I first got into latency optimization about 10 months ago, after upgrading my HW. I went down the latency-optimization rabbit hole: BIOS settings, memory timings, background processes, driver/OS tweaks, most things I knew about but hadn’t realized could matter this much in practice. A sad testament that modern consumer hardware/software is not build for latency in mind out of the box…
Months after I’d settled on what I thought was my “final” set of optimizations, I noticed, almost by accident while gaming, that routing some USB devices through simple adapters (adding an extra connection in the chain) improved visual smoothness. That didn’t make sense. I’d just added another interface and, in theory, another point of failure. My first suspicion was that I was unintentionally changing the electrical characteristics of the link, things like impedance and how much high-frequency noise can pass. This led me to diagnose a broader set of noise issues that had been heavily plugging my setup. To keep this short I’m going to switch to bullet points from here, listing all adjustments that worked. Right now, this feels like a fundamentally new experience, something I honestly didn’t think could be possible. It reminds me of gaming 10–15 years ago. But that may also be nostalgia…
- Ferrite cores everywhere, on both ends of most cables (USB, power, display).

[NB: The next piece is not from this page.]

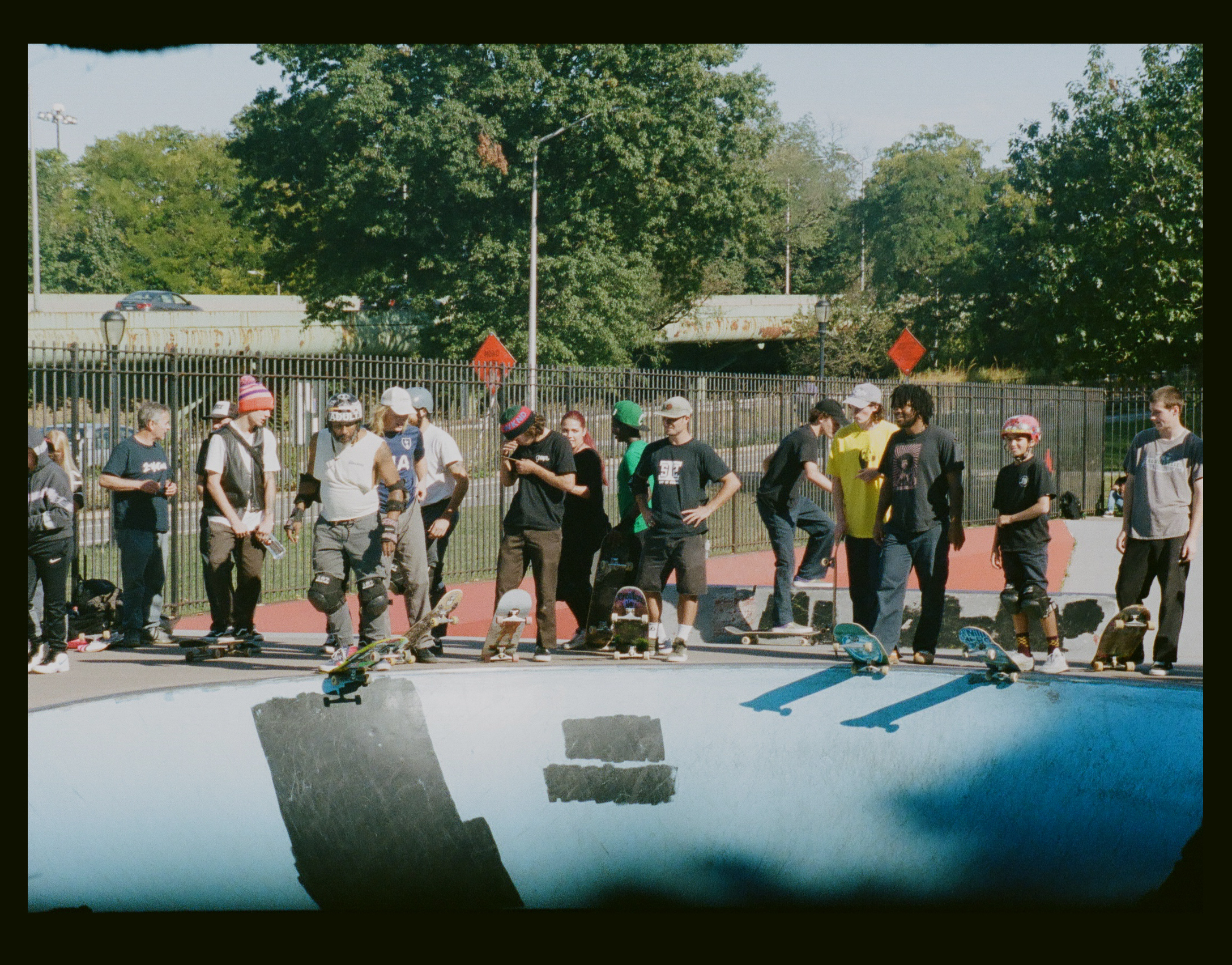 Skaters wait to drop in the bowl at Millennium Skate Park also known as Owl's Head Skate Park at the NYC Skate Coalitions - Pool series event - October 2019

I also added ferrites to other household devices (yes, even a toothbrush charger in the bathroom). Every single physical change was documented and tested in controlled gaming environments, and in my setup the improvements were consistent. The fact that ferrites helped on devices not even on the same outlet may suggests some degree of RFI current coupling through the home wiring. A high-end UPS may help with that, but ferrites still seem very beneficial overall.
- Farraday fabrics, everywhere, including the PC case panels (I never liked glass panels anyway), the backs of the monitors, bookshelf speakers and amplifier, my Stream Deck, and even parts of power strips (done safely, these materials are highly conductive). The only areas that were not covered are the front and top panels of my case where mesh screens were installed for airflow, they had a similar effectiveness. I also added shielding to the wall behind my desk. Everything was installed carefully so it didn’t ruin the look of the setup. Also, I realized you have to be careful about bonding/connecting different pieces of shielding. If you tie everything together incorrectly, you can unintentionally create a return path that routes conducted noise back toward the device, basically defeating the point. It took a fair amount of trial and error to get the grounding/bonding strategy right, but once I did, the results were noticeably better. You want them to act as shields, like a faraday cage.
- Ferrite rods & toroids. On top of the usual clamp-on ferrites, I tried those cheap antenna ferrite rods/toroids (a few bucks each on AliExpress). I dropped them in “hot spots” where cable bundles and shielding fabric pass close together, and stacked a few on the speakers. My intuition is they act as dissipators for RF currents passing through the shields, the same way cores do for wires. Perhaps these would not be needed if I did proper grounding/bonding everywhere, but that’s a whole project on its own. Arranging a few rods and regular ferrite clamps INSIDE the case also brought improvements
- Sleeving cables and building pre-shielded ones. You’ll see people online claim shielded Ethernet is “a waste of money,” but that could not be further from the truth, buy one, even if it’s only for peace of mind. I did an exhaustive test with the shielded and unshielded one and the change was very noticeable when I knew where to look. A lot of people simply have no idea how to notice interference issues. Audiophiles know.
- Wi-Fi tweaks (last step). I suspected most of the noise was coming from outside (I’m in urban LA), but in-home RF can absolutely add to the mess. I’m obviously not going to unplug a fridge for latency gains in a competitive FPS, but I did end up dialing my router’s transmit power down to 10%, shielding the router and simplifying the 2.4 GHz settings: G-only, channel 1, 20 MHz bandwidth, WPS off. Yeah, that’s “suboptimal” on paper, but in my apartment, Wi-Fi is basically just for smart lights/vacuums.